Only the lines from the beginning of the data through the line holding "Confeccionada em madeira" belong in the answer, printed exactly and without pictures.

** Dataset section **
§
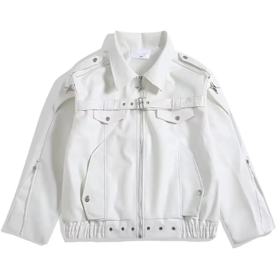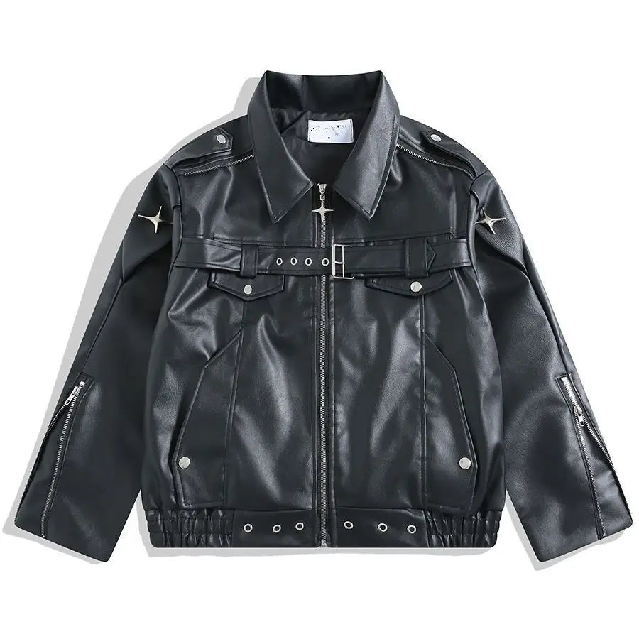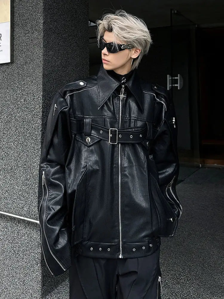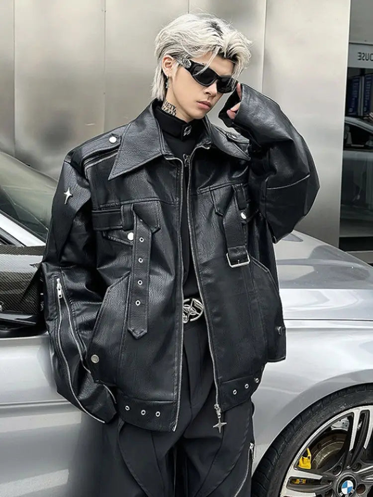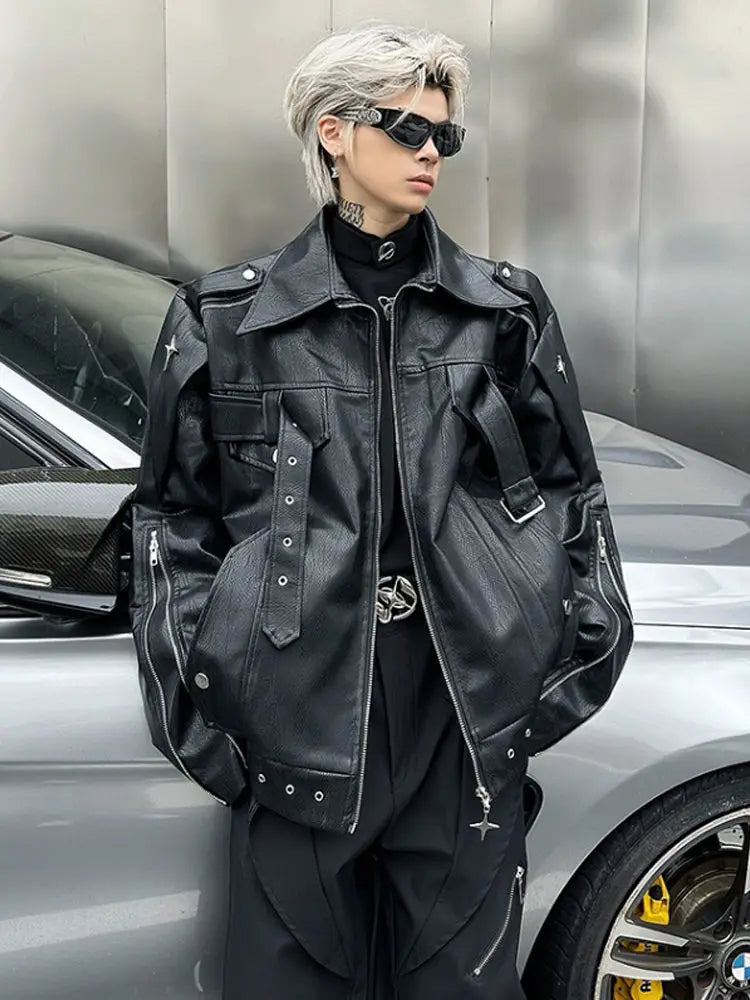 Ga voor een gedurfde en assertieve look met dit herenjack van imitatieleer, perfect voor de herfst. Met zijn praktische zakken, relaxte pasvorm en Y2K-geïnspireerde motor-/bikerstijl is hij ideaal voor dagelijkse uitjes of stijlvolle streetwearoutfits.
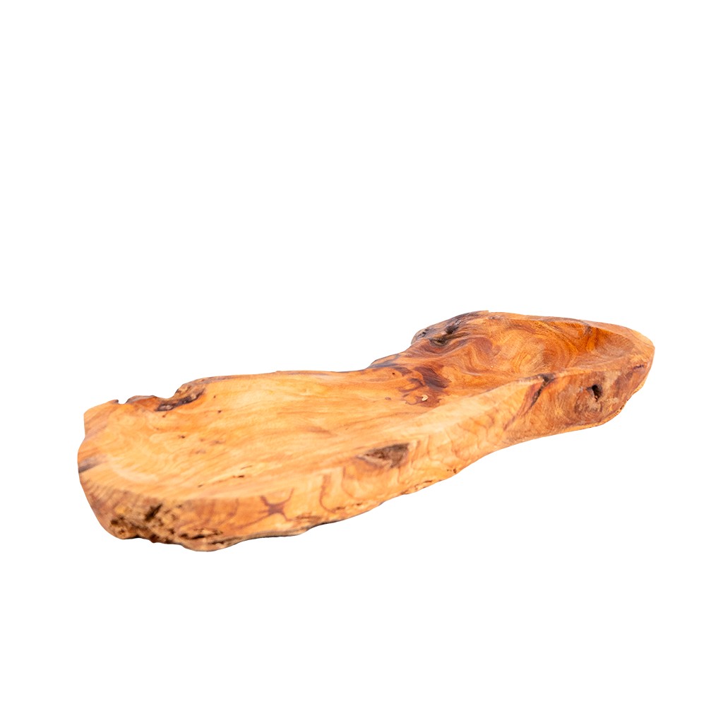 Confeccionada em madeira de oliveira maciça, esta peça é valorizada por sua durabilidade e, principalmente, pelos seus veios ricos e contrastantes, que contam a história da árvore. O acabamento realça o aspecto rústico e natural do tronco, garantindo que não existam duas peças idênticas.
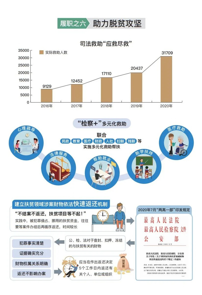 在决战脱贫攻坚中贡献检察力量。用好国家司法救助制度,对因犯罪侵害等致生活陷入困境的被害人及其近亲属“应救尽救”,防止因案致贫返贫。救助3.2万人4.2亿元,同比分别上升55.2%和61.3%。湖南检察机关办理一起涉黑案时,发现被害人遗孤无人照管,在安置、救助同时,协调民政、教育部门解决其监护和就学问题。为让被侵占、挪用的扶贫资金尽早发挥作用,推广云南经验,建立扶贫领域涉案财物依法快速返还机制,改变不结案不返还惯常做法,会同有关机关一体实施。去年检察办案中快速返还1.2亿元,惠及3.2万人。
§
** Written response **
 Ga voor een gedurfde en assertieve look met dit herenjack van imitatieleer, perfect voor de herfst. Met zijn praktische zakken, relaxte pasvorm en Y2K-geïnspireerde motor-/bikerstijl is hij ideaal voor dagelijkse uitjes of stijlvolle streetwearoutfits.
 Confeccionada em madeira de oliveira maciça, esta peça é valorizada por sua durabilidade e, principalmente, pelos seus veios ricos e contrastantes, que contam a história da árvore. O acabamento realça o aspecto rústico e natural do tronco, garantindo que não existam duas peças idênticas.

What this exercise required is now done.